Brommet, who is very soft-spoken, says, "Back in the old days, marketing in the hotel industry was kind of a burgeoning element. It was very old-school," with properties focused on filling bedrooms. "I came across a number of companies using travel as a motivational tool, but they were booking it through travel agents. There were very few people who understood the actual marketing applications: what's ROI, how do you set up funding, how do you set rules and regulations, how do you market, and secondary to that, how do you deliver an incentive-level experience? The professionalism, as far as delivery of the experience, was from the hotel side. There was no organization going into corporations saying, 'here's a new and exciting way to motivate your specific audience, and here's how you do it.'"

So, in 1978, Brommet formed Partners in Performance, that was so successful, Maritz Canada bought him out and moved him to the U.K. to oversee its international operations. In 2003, he returned to Canada, to help Pareto Corporation launch its Elevate Incentives division. After a short hiatus, he's rejoined Pareto and Elevate.

Jill Harrington, president of Potential 2 Performance, worked for Brommet from 1988 to 1995. "I think, in the pioneering days in the industry, he was absolutely one of the most knowledgeable and creative people in the business. Where a lot of people are very much focused on the deliverable - the trip - Don was always focused on what the organization is trying to accomplish; what the trip means to the business matrix."

Harrington describes him as a "creative, strategic thinker. When the rest of us are stuck thinking small, he's thinking about the big picture. And he takes you with him, because he's passionate about what he's doing, but passionate in a very gentle way. He's not one of those rah, rah, rah people. He reads a lot, he digests, he thinks about it, he comes up with ideas that other people don't."

It's this thoughtful approach that lets him separate fads and trends such as tech busts. Brommet shrugs, "It changes the decision-making processes. But these are all moments in time. As the economy improves, people start looking further afield again." Outside of work, this self-described shy person (before colleagues laugh, he has the Myers Briggs tests to back this up) likes to spend time with wife Sheryl, take long walks with his black lab Cleo, cycle, paint and sculpt.

While colleagues speak of Brommet the "consummate professional," it's when they speak of his "creative" streak that his flamboyance becomes apparent.
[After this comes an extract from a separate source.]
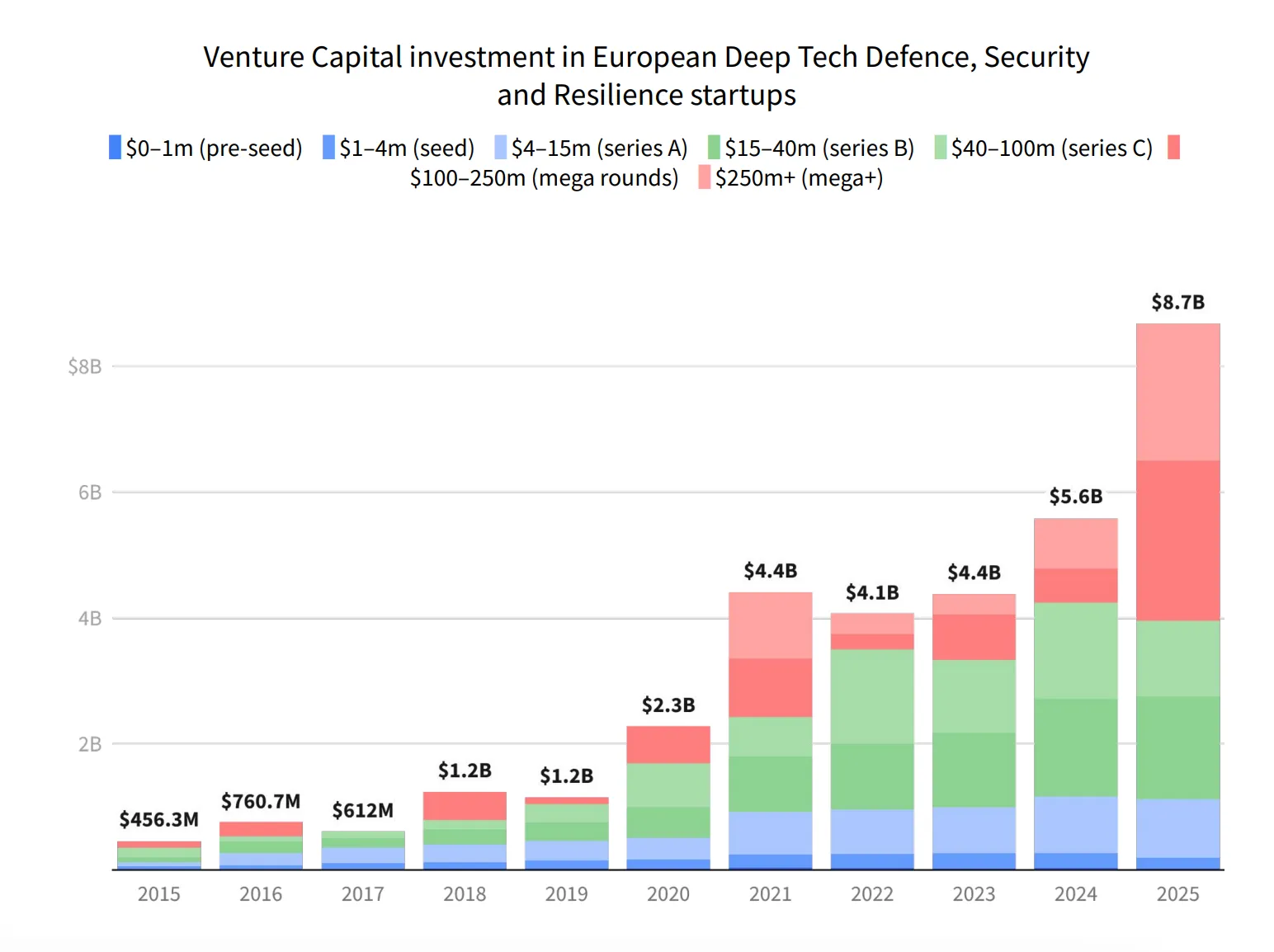 Since Russia’s attack on Ukraine in 2022, defence and sovereignty have been reverberating themes in Europe’s investment landscape. These are sectors that are gaining traction fast; in 2025, investors poured a record $8.7 billion into European deeptech startups, per Dealroom data.

Longtime client Vladimir Haltigin, Dreams and Memories producer for Xerox Canada, says that since 1984, Brommet has been one of Xerox's most successful suppliers, handling over 20 programmes for them and winning eight Crystal Awards from SITE. Haltigin laughs at some of the ideas they got away with. "In Ireland, for example, he created the Irish O'lympics, where we had games like Irish whiskey barrel jumping, peat stacking and bicycle races to the local pub for a Guinness. We also bought a racehorse and entered it in the Galway races." (It finished third.)

Brommet is that quiet, pioneering visionary, who, given the right co-conspirator, can be a little crazy.